(COLLECTED DATA):

▼

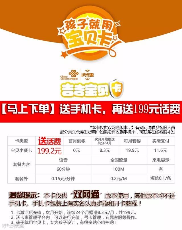 注:北京地区使用不支持本卡,请自行办理移动卡
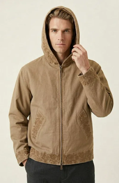 Men's Brown Hooded Zip Jacket Embroidered Detail Relaxed Silhouette
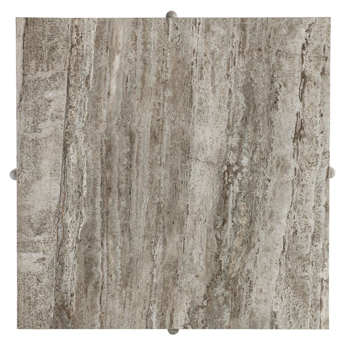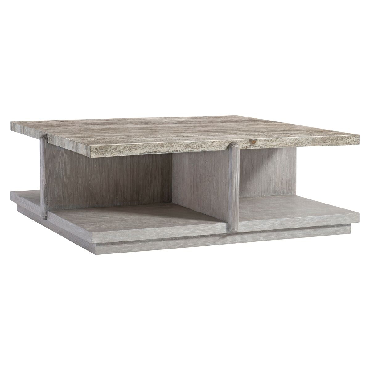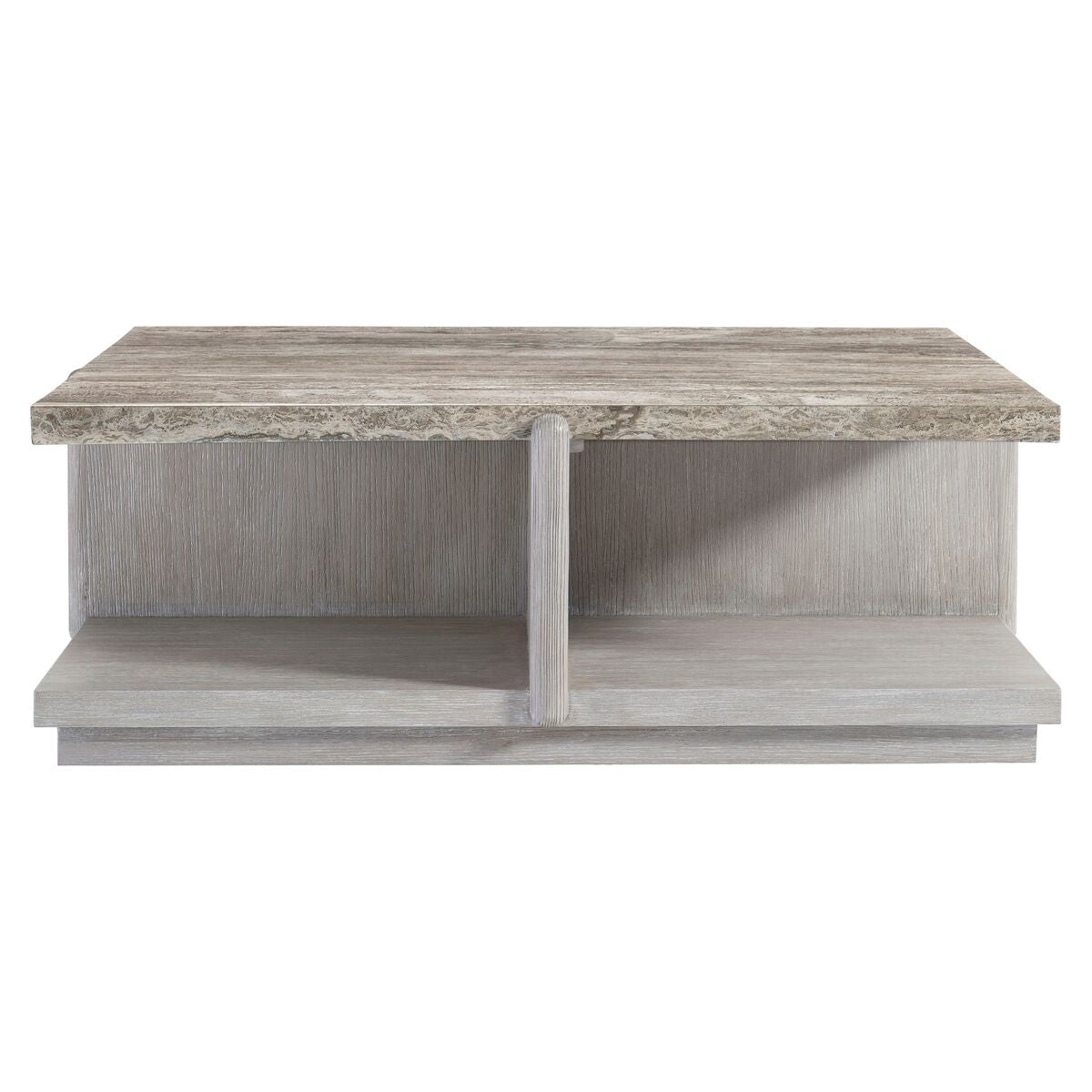 The Sereno cocktail table has a partitioned wood base that offers open storage in a textured Grigio finish. The center panels rise up to support and intersect with the silver travertine stone top. The result is a fresh perspective on modern rustic design.

▲

(TO DO):
The lines from the one containing "Men's Brown Hooded" through the final line of the data are to be repeated exactly, with both ends included and all pictures left out.

(RESPONSE):
 Men's Brown Hooded Zip Jacket Embroidered Detail Relaxed Silhouette
 The Sereno cocktail table has a partitioned wood base that offers open storage in a textured Grigio finish. The center panels rise up to support and intersect with the silver travertine stone top. The result is a fresh perspective on modern rustic design.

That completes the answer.